Cloudera Data Science Workbench also allows you to customize the HTTP headers accepted by Cloudera Data Science Workbench. The list of security headers enabled by default can be found in the documentation here: HTTP Headers. Disabling these features could leave your Cloudera Data Science Workbench deployment vulnerable to clickjacking, cross-site scripting (XSS), or any other injection attacks.
Internal communications between some Cloudera Data Science Workbench components are protected by mutually authenticated TLS.
The underlying Kubernetes cluster has a root Certificate Authority (CA) that is used to validate certificates for internal Kubernetes components. For details, refer the Kubernetes documentation here: TLS certificates.

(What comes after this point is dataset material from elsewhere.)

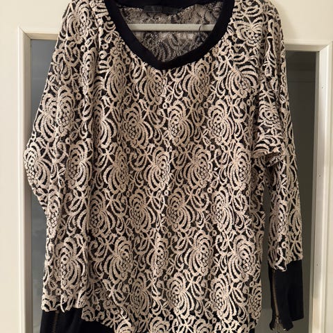Ny stilig bukse og topp fra Carmen Steffens Brasil. Kombinert gull og brune paljetter gir et litt "dyrisk" mønster. Kult sett som passer til selskap, fest og nattelivet. Lengde på bukse 116 cm fra liv til ankel. Buksebenene har en splitt som går 50 cm opp fra ankel. Håndlaget, og solgt i kjent motebutikk i Brasil. Ny og ubrukt med lapp.
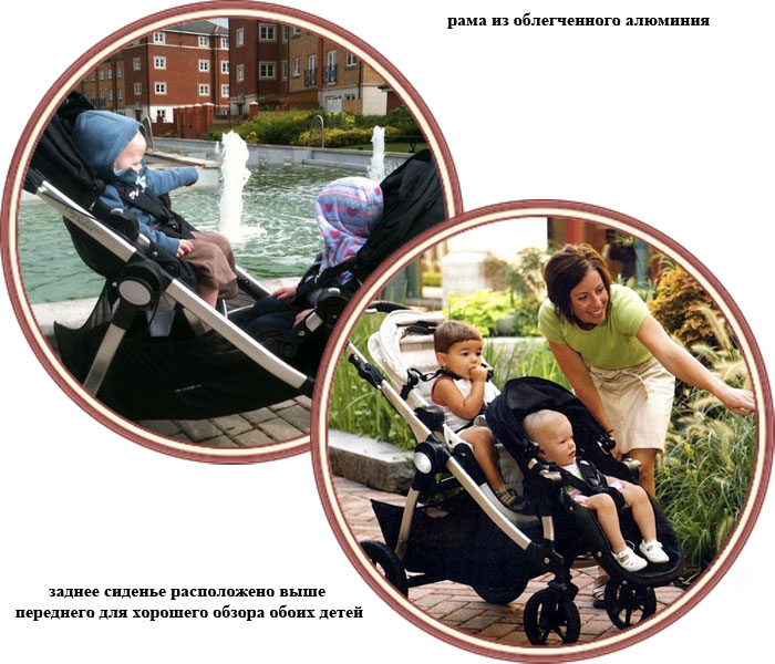 Коляска 2в1 для двойни Baby Jogger City Select - отлично подойдет для двойни или прогодок. Удобные люльки, в которых малышам будет тепло и уютно, получаются из наборов, состоящих из мягких тканей и опорных каркасов. Вы сможете в несколько простых движений превратить сиденье коляски City Select в люльку для младенца. Для этого просто нужно снять ткань с сиденья и вместо нее прикрепить ткань люльки на ту же самую раму. Чтобы вашим малышам было удобно и комфортно оба сиденья прогулочных блоков регулируются по наклону до 170 градусов, независимо друг от друга сиденья можно устанавливать по или против хода движения. Кроме того, заднее сиденье расположено выше переднего, поэтому оба ребенка имеют хороший обзор. Практичная и комфортная, она идеальна для прогулок и путешествий с двойняшками или погодками.

Cloudera Data Science Workbench Gateway Host Security
Disable untrusted SSH access to the Cloudera Data Science Workbench hosts. Cloudera Data Science Workbench assumes that users only access the gateway hosts through the web application. Users with SSH access to a Cloudera Data Science Workbench host can gain full access to the cluster, including access to other users' workloads. Therefore, untrusted (non-sudo) SSH access to Cloudera Data Science Workbench hosts must be disabled to ensure a secure deployment.
Tightly control root access via sudo.
Uninstall or disable any other unnecessary services running on the Cloudera Data Science Workbench gateway hosts.
Keep the hosts' operating system updated to avoid security vulnerabilities.
Monitor user login activity on the system.
Cloudera Data Science Workbench allows site administrators to expose part of the host's file system into users' engine containers at runtime. This is done using the host mounts feature. It is worth noting that directories mounted using this feature are then available to all projects across the deployment. Use this feature with great care and ensure that no sensitive information is mounted.
Base Engine Image Security
The base engine image is a Docker image that contains all the building blocks needed to launch a Cloudera Data Science Workbench session and run a workload. It consists of kernels for Python, R, and Scala, and some common third-party libraries and packages that can be used to run common data analytics operations. Additionally, to provide a flexible, collaborative environment, data science teams can install their own preferred data science packages, just as they would on their local computers, to run workloads on data in the associated Hadoop cluster.
This base image itself is built and shipped along with Cloudera Data Science Workbench. Cloudera Data Science Workbench strives to ship a base engine image free from security vulnerabilities. Our engine images are regularly scanned for potential security vulnerabilities and we have been incorporating the recommendations from these scans into the product. For organizations that require more control over the contents of the engines used by Cloudera Data Science Workbench users, we recommend building your own customized engine images.